Repetition – think of Lauren in Catherine Tate who is relentlessly ‘bovvered’. Or Cleese and his million ways to describe how the parrot is in fact dead.

Revelation – where a new layer of unexpectedness  is revealed. Or something new about the character which adds to the humour. e.g. the Constable Savage sketch in Not the 9 o’ clock News. In this, the constable is being disciplined for a bunch of absurd arrests. Then we find out that it’s the same man he’s been arresting. Then we find out why – because he’s black. and then we find out the script actually has a strong political polemic. Worth watching if you’ve not seen it (can’t find it on youtube though)

Variation – a new version of the same twist. For example, in this god-like Fry & Laurie sketch, a man insists his surname IS the sound of a lighter being dropped onto a counter. the variation on this joke comes when he insists his address IS a tap dancing sequence.

I was struck by how similar this is to writing an ad campaign. The joke is the central thought, or strategy. And the variations are simply different executions of the same thought – just as three posters in an ad campaign are basically escalating the same concept in different ways.

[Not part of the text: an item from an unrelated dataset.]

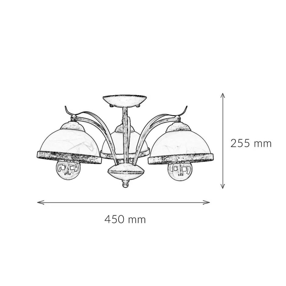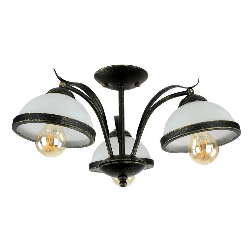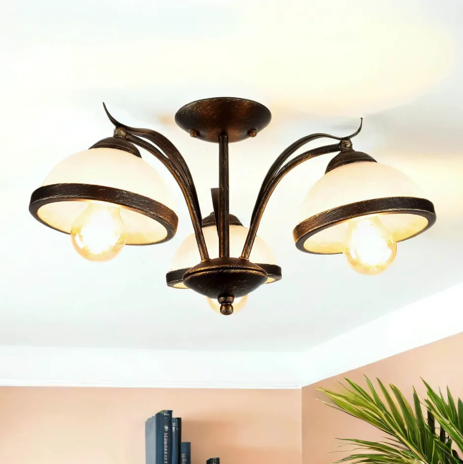 Elegante Deckenlampe aus Glas und Metall in dunklem Shabby Gold antik

Our homework this week was to write a 3 minute sketch. I’m writing about call-centre ineptitude. Nat’s writing about delusional estate agents. Should be lots of fun. Any fun horror stories on either, please feel free to share – we may use it as script fodder – thanks.

 

 

There’s been a crime

 

 A crime against the English language.

The poor, innocent unsuspecting words cafe and restaurant did nothing to deserve this, did they?

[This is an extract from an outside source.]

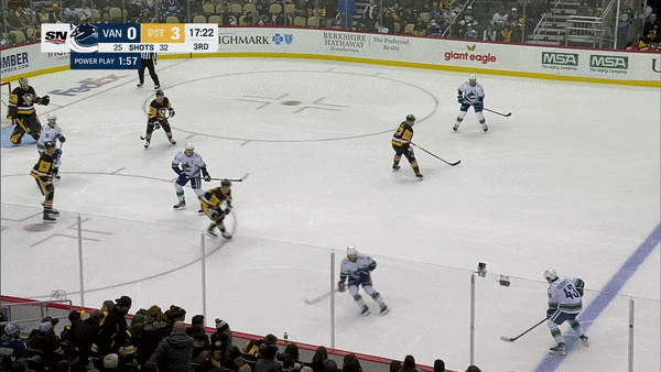 The Canucks only got one decent chance at setting up during their sole power play opportunity yesterday, and the Pens’ penalty kill quickly assumed control of the puck. But rather than immediately slap the puck back into the Canucks’ end, Evan Rodrigues bleeds a few precious seconds off the clock before lightly flipping the puck into the corner.

Even funnier than this was the poster with the caption underneath, that said ‘More than a cafe…’



That’s all it said. Even though clearly by saying that, it’s planting the phrase ‘less than a restaurant’ into the head of every passer by? and that’s not a good thing, is it?

Do you agree that this is an offense, and a bastardisation of English? Or is it, as Nathalie thinks, ‘acceptable because it makes you laugh.’